In the face of this information, the “evacuation” measures taken amounted to “get out if you can.” The free market came into play: if you had the means, a big “If”, you had to figure out how to get out of the way.

But, as the National Geographic scenario foreshadowed, the New Orleans crisis revealed that getting out was not an option for “the car-less, the homeless, the aged and the infirm.” With no vehicle, no cash, and nowhere to go, the free-market evacuation order did not bode well for tens of thousands of New Orleans residents.

The catastrophe revealed to the world that nearly one-third of New Orleans population was officially below the poverty line, people working at poverty wages, and struggling against high rents and regressive taxation. In that New Orleans simply mirrors conditions across urban centers throughout the United States which is basically two countries, one wealthy, publicized around the world by the U.S. movie and television industries; the other one, millions of people on the edge of economic misery.

The poor in New Orleans were also primarily black. What happened after the evacuation order was given revealed to the world what can happen to you in the United States if you are black and poor. No words are necessary to describe the deaths, hunger, thirst, squalor and desperation endured by vast numbers of people in the city as they waited in vain and viewed around the world in television screens.

Why wasn’t the catastrophe avoided? Because plans to fortify the system of levees were not funded year after year.

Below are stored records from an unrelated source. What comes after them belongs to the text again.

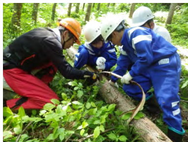
つるおかの森環境教育 推進事業【鶴岡市】
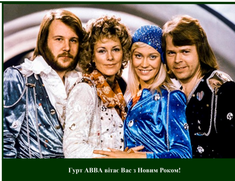
Гурт ABBA вітає Вас з Новим Роком!
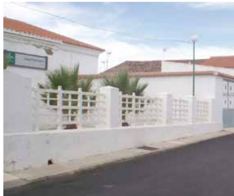
Colegio Ágora de Valsequillo

En la modalidad de Resto de Centros, han sido galardonados el IES
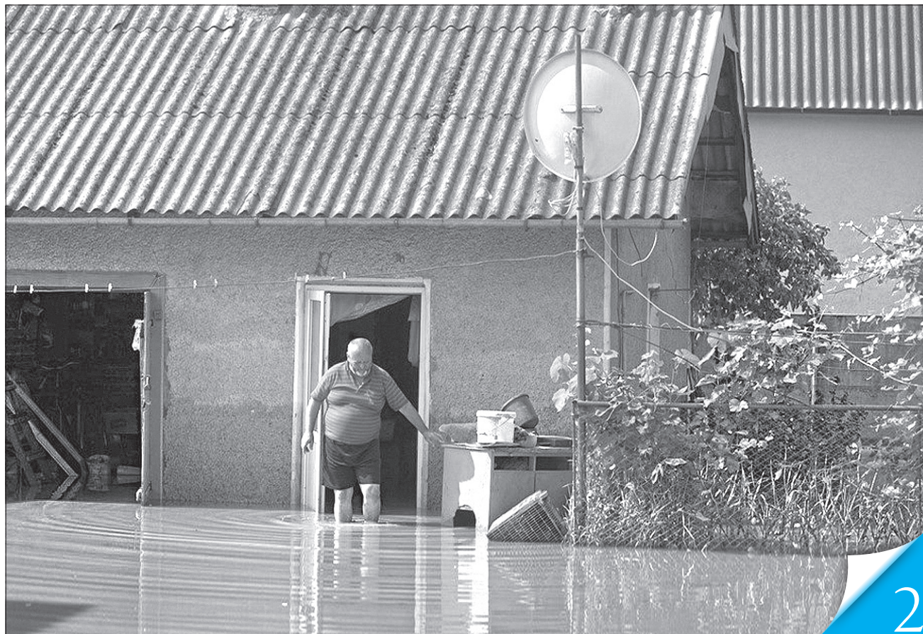
Уряд виділив сім'ям, житлові будинки яких пошкоджено, по 20 тисяч гривень

ДЕРЖАВНА ПІДТРИМКА. Контроль за цільовим використанням ресурсу буде жорстким
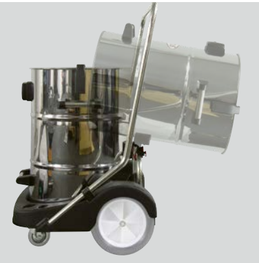
La fonction de basculement permet une vidange ou une purge.

Because the budget Army Corps of Engineers, responsible for the upkeep of the system has been repeatedly slashed, by a record 44% (71.2 million dollars) in 2005 alone. Because FEMA, the federal agency in charge of disasters has been under-funded and many of its previous functions privatized. Because measures necessary to prevent the flooding are incompatible with an economic model that does not prioritize public investment in infrastructure. Because there were no plans for a safe and swift evacuation of the city. Because moneys that could be used for disaster prevention and relief have been siphoned off to pay for the war in Iraq. Because for the last twenty-five years the government of the United States has been progressively destroying and dismantling the various forms of social protection, environment protection and social welfare instituted after the crisis of the 1930s and for subsequent decades.

Cutting the size of government and privatizing or eliminating its protective and regulatory functions became the mantra of the Washington power elite. Disregard for the public interest role of government became even more manifest under the current administration: Two years ago President Bush appointed a political crony to head FEMA. The only administrative experience this man had was as the director of a board of judges of Arabian horse show competitions. A columnist for the New York Times called the Director of FEMA a “blithering idiot” this past week.

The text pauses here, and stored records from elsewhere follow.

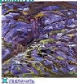
Н.К.Рерих. Карельский пейзаж
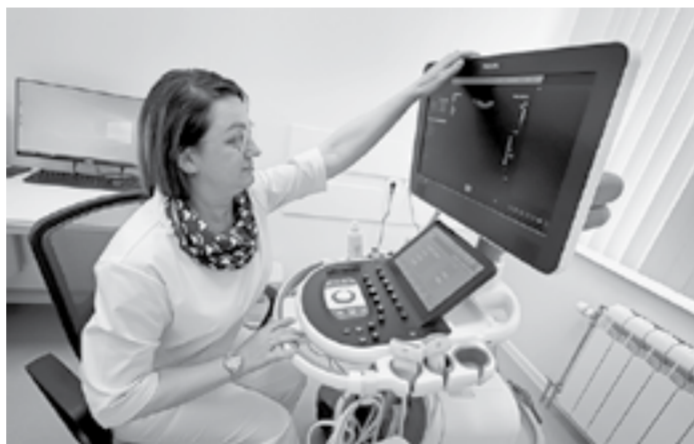
Впервые все услуги – в одном месте.
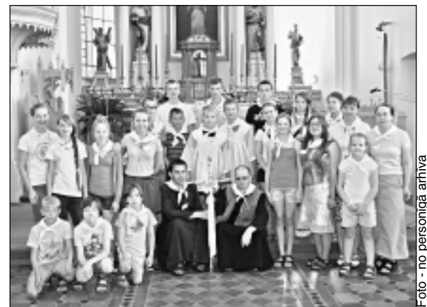
Draudzes dievnamā. Svētceļojuma dalībnieki pirms tāla un svētīgā ceļa kopīgi nufotografējās Baltinavas baznīcā.

Neoliberal cost cutting and short-term management has rendered uninhabitable and possibly destroyed one of most important historical landmarks in the United States and one of its most important commercial ports, the city of New Orleans. The free market dogma is not only ruining the national economies of the Third World, it is also creating the conditions for other ‘Katrinas’ in the U.S.

The human tragedy of Katrina is the result of these neoliberal economic principles in the government, not the hurricane. These same neoliberal principles are presented by the United States to other nations of the world, such as Colombia, as the panacea to remedy its economic problems. The New Orleans tragedy reveals that the neoliberal bromides can be a recipe for disaster.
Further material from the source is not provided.